WO2003001304A2

WO2003001304A2 - Clockwork with spring housings

Info

Publication number: WO2003001304A2
Application number: PCT/CH2002/000346
Authority: WO
Inventors: Elmar Mock; Elio Mariotto
Original assignee: Watch-U-License Ag
Priority date: 2001-06-26
Filing date: 2002-06-25
Publication date: 2003-01-03
Also published as: AU2002313153A1; WO2003001304A3

Abstract

The invention relates to a mechanical clockwork comprising a first level provided with an oscillating mass and comprising at least one additional level provided with a number of actively connected spring housings (30, 31, 32, 33, 34).

Description

CLOCKWORK

The present invention relates to a mechanical clockwork, in particular for wristwatches, according to the preamble of the independent claim.

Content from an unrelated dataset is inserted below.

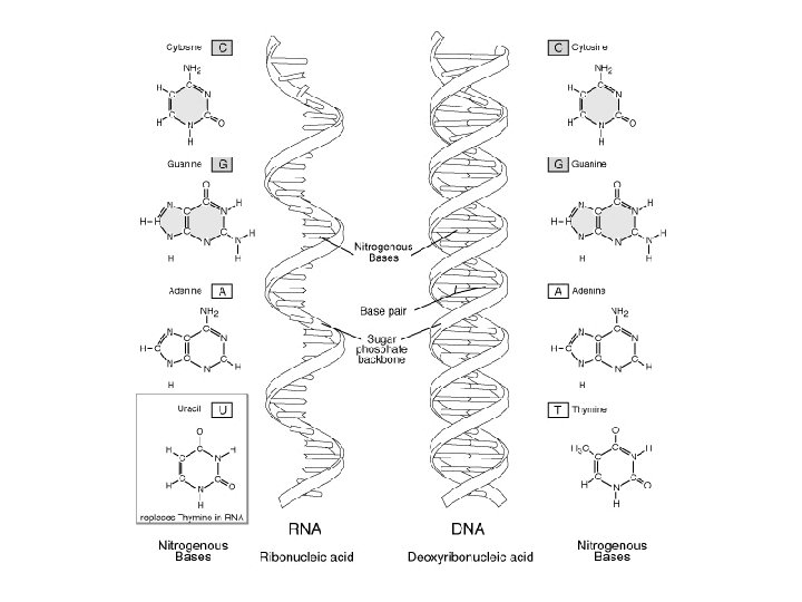 RNA • Tek zincirli polinukleotitdir • Pentoz; (5 C’lu Riboz), Primidin Timin (T) yerine Urasil; (U) bulunur • Formları; m. RNA, t. RNA, r. RNA, sn. RNA • Çekirdekçik, stoplazma ve ribozomlarda bulunur
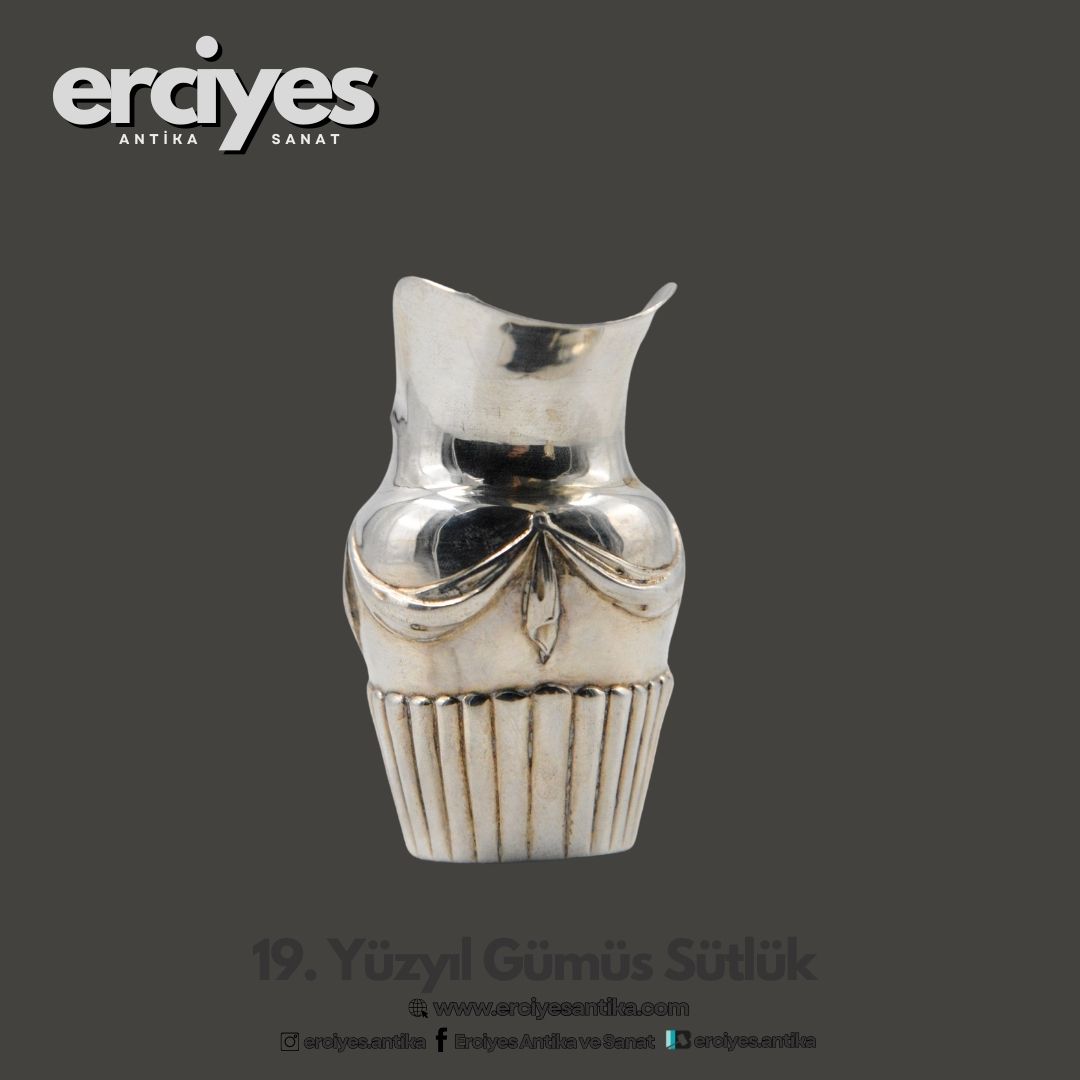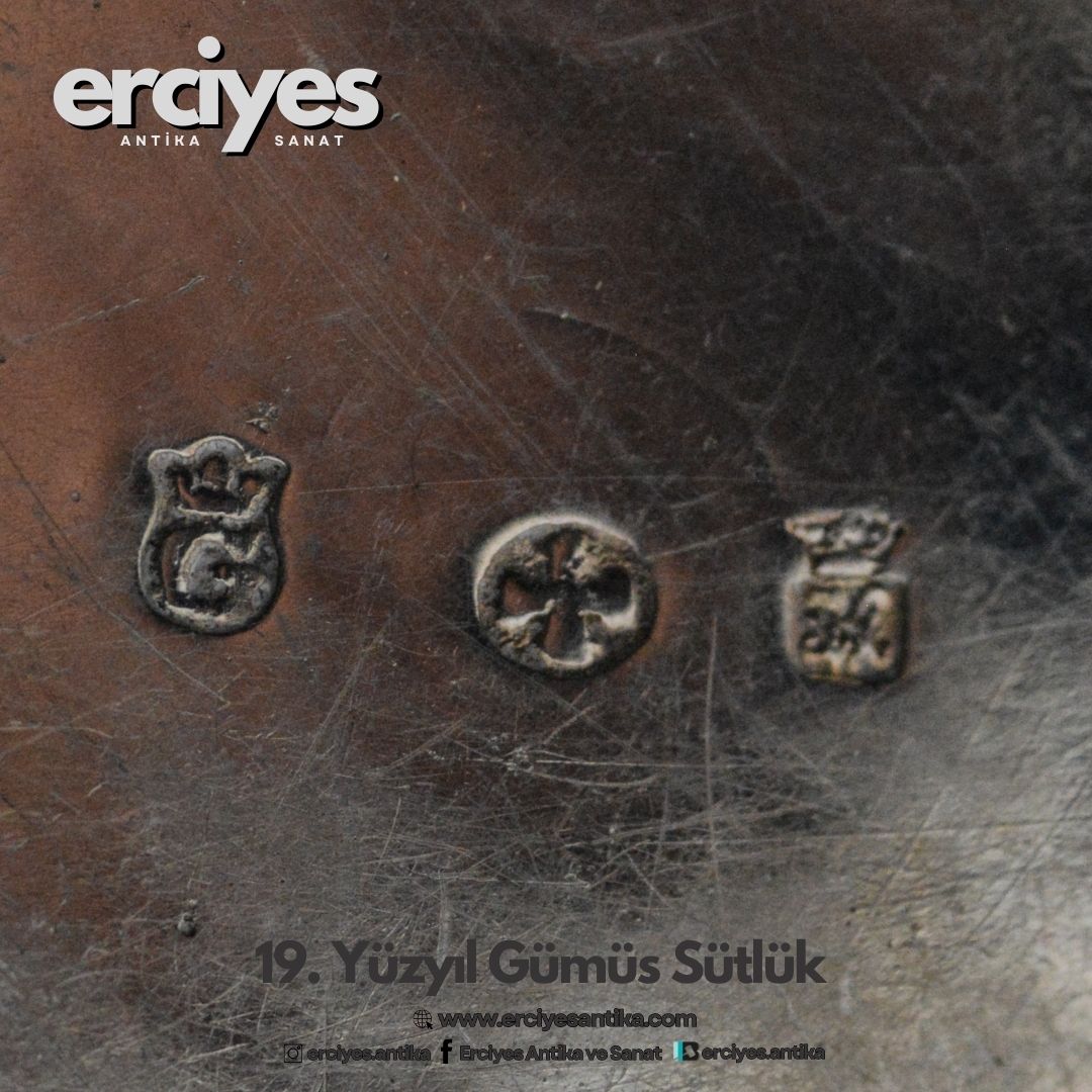 19. yüzyıl antika gümüş sütlük, zarafetin ve ustalığın simgesidir. İnce işçilikle şekillendirilmiş, her detayıyla dönemin estetik anlayışını yansıtan bu sütlük, zamanın ötesinden gelen bir sofistike güzellik taşır. Gümüşün parıltısı, ustaların elinden çıkan detaylı kabartmalar ve zarif kulpu, bu parçada geçmişin izlerini hissettirirken, her kullanımda bir tarihi deneyim sunar. Hem işlevsel hem de koleksiyonluk değeri olan bu antika gümüş sütlük, 19. yüzyılın zarif sofra kültürünü ve el sanatlarını günümüze taşır.

Mechanical clockworks for wristwatches are known from the prior art. One of the greatest difficulties in the development of these clockworks is the dimensioning and coordination of the individual functional elements. The accuracy and the power reserve are two of the most important criteria that are implicitly linked to one another and largely depend on the available volume or. depend on the size of the clockwork. Today's movements reach an upper limit in terms of the achievable accuracy and power reserve.

CH 599 580 shows a mechanical clockwork with two barrels. These barrels are arranged in series and have different dimensions. This arrangement tries to increase the accuracy. However, a reduction in autonomy is accepted.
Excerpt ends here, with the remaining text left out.